◆ ABOUT THIS EXERCISE: Answer with the exact lines of the following material from the one containing "Alerte meteo de" through the one containing "Комплект в кроватку", both end lines included.

◆ RAW DATA:
※ ※ ※

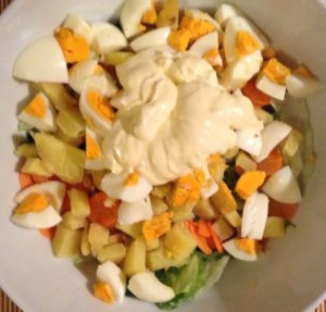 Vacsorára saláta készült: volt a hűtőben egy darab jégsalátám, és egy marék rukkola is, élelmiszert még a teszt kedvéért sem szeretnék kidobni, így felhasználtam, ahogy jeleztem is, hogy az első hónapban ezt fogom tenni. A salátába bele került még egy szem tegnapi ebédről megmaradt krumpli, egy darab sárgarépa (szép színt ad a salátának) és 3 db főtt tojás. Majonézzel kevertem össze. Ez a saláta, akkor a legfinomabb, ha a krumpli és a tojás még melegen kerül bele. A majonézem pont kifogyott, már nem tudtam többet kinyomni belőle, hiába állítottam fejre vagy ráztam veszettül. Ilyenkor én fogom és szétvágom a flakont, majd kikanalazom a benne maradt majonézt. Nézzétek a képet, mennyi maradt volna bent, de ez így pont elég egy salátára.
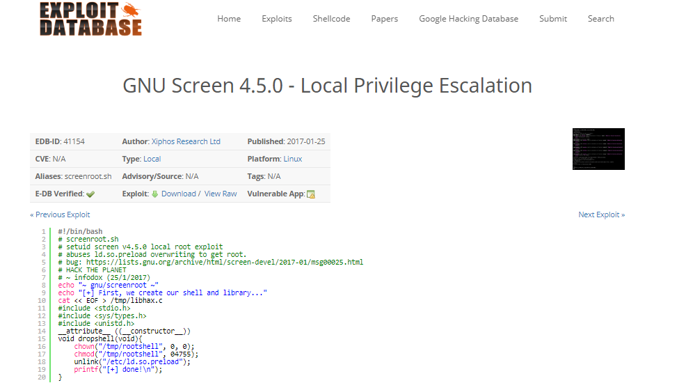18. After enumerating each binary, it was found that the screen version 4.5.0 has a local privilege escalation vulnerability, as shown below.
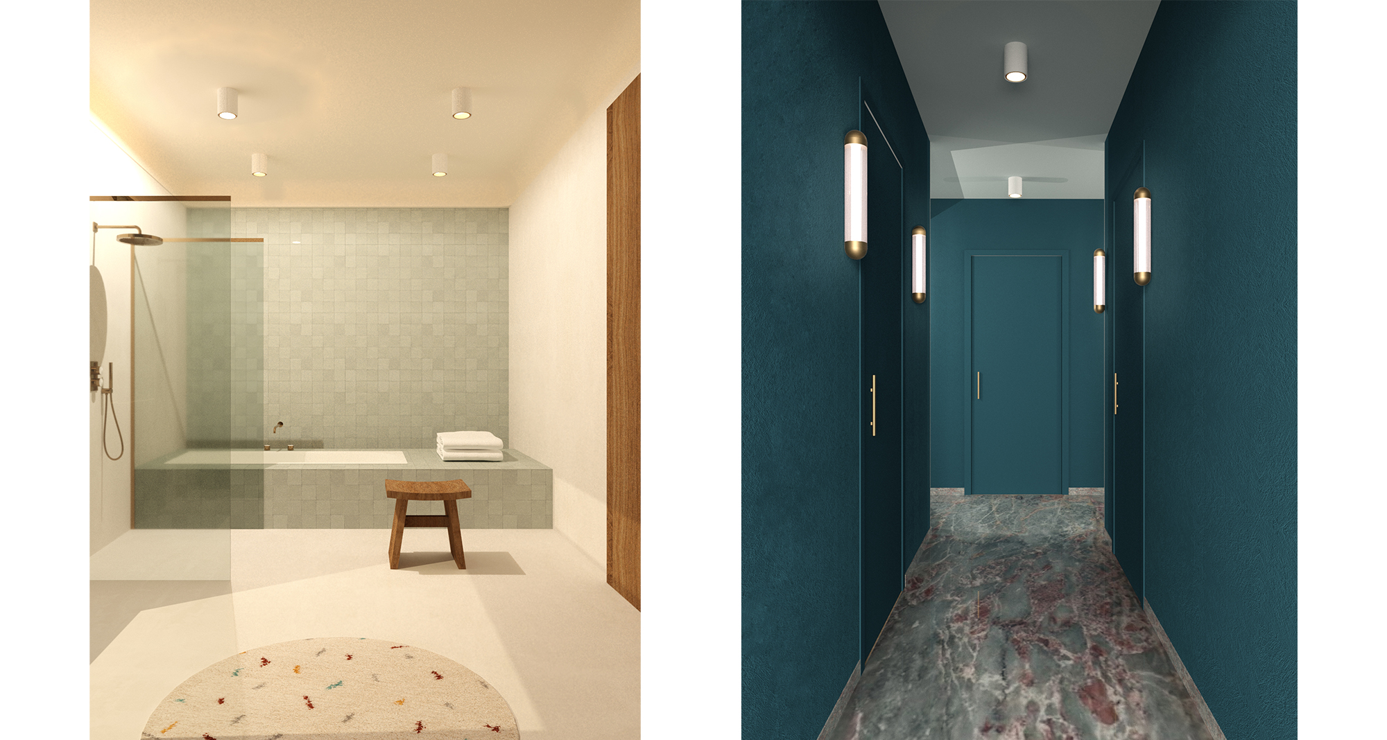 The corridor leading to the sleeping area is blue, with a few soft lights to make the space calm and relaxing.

※ ※ ※

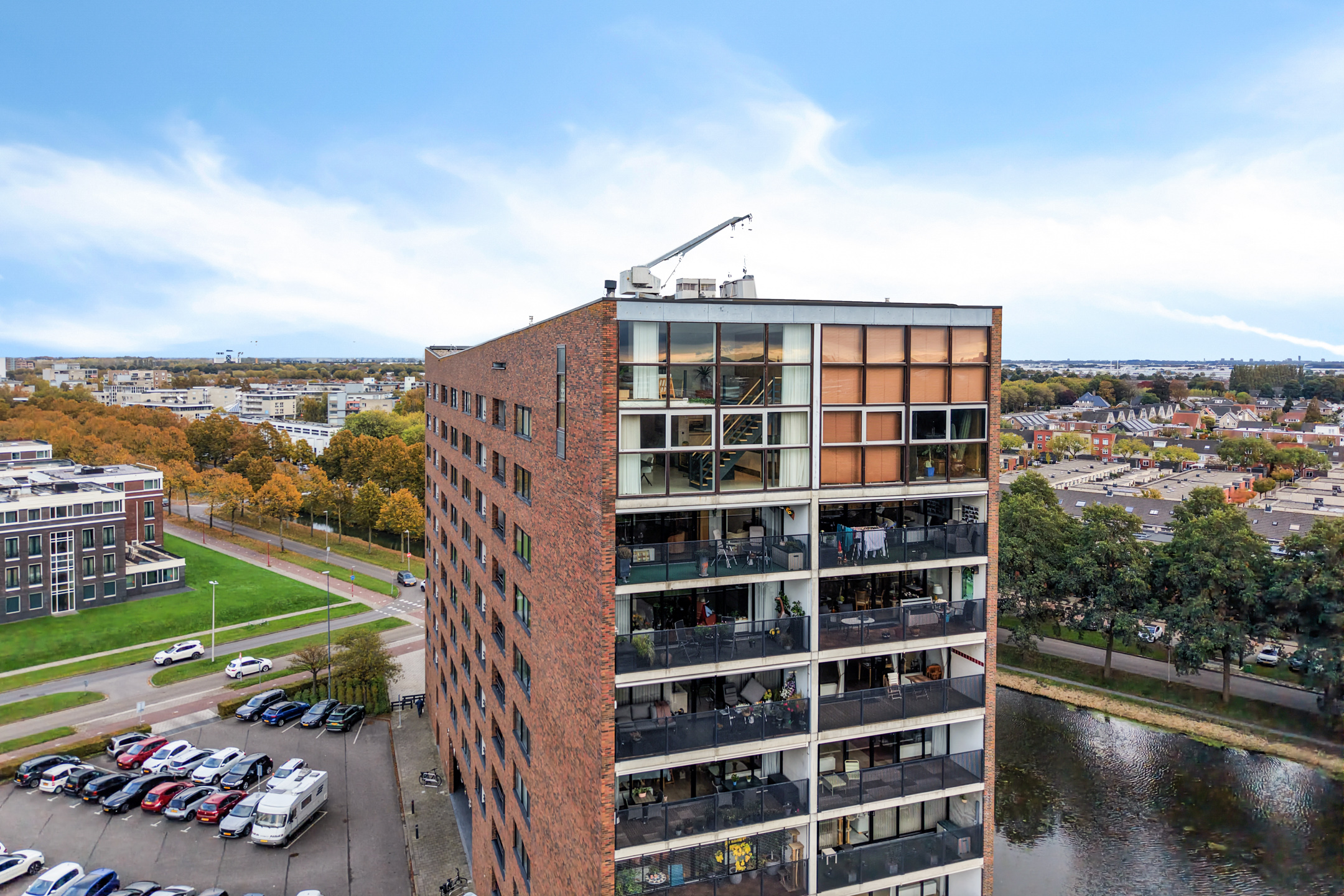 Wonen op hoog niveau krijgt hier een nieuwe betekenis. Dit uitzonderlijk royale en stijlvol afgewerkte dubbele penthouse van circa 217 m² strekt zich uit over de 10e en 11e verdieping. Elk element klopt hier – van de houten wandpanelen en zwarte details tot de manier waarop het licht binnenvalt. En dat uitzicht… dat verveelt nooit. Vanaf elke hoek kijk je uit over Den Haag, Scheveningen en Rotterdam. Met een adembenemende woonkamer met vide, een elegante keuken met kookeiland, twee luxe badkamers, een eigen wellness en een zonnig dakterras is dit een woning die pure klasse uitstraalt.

※ ※ ※

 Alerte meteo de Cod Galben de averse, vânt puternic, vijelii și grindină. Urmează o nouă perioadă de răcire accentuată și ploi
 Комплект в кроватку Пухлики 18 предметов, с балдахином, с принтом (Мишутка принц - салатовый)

※ ※ ※

◆ ANSWER FOR THE TASK:
 Alerte meteo de Cod Galben de averse, vânt puternic, vijelii și grindină. Urmează o nouă perioadă de răcire accentuată și ploi
 Комплект в кроватку Пухлики 18 предметов, с балдахином, с принтом (Мишутка принц - салатовый)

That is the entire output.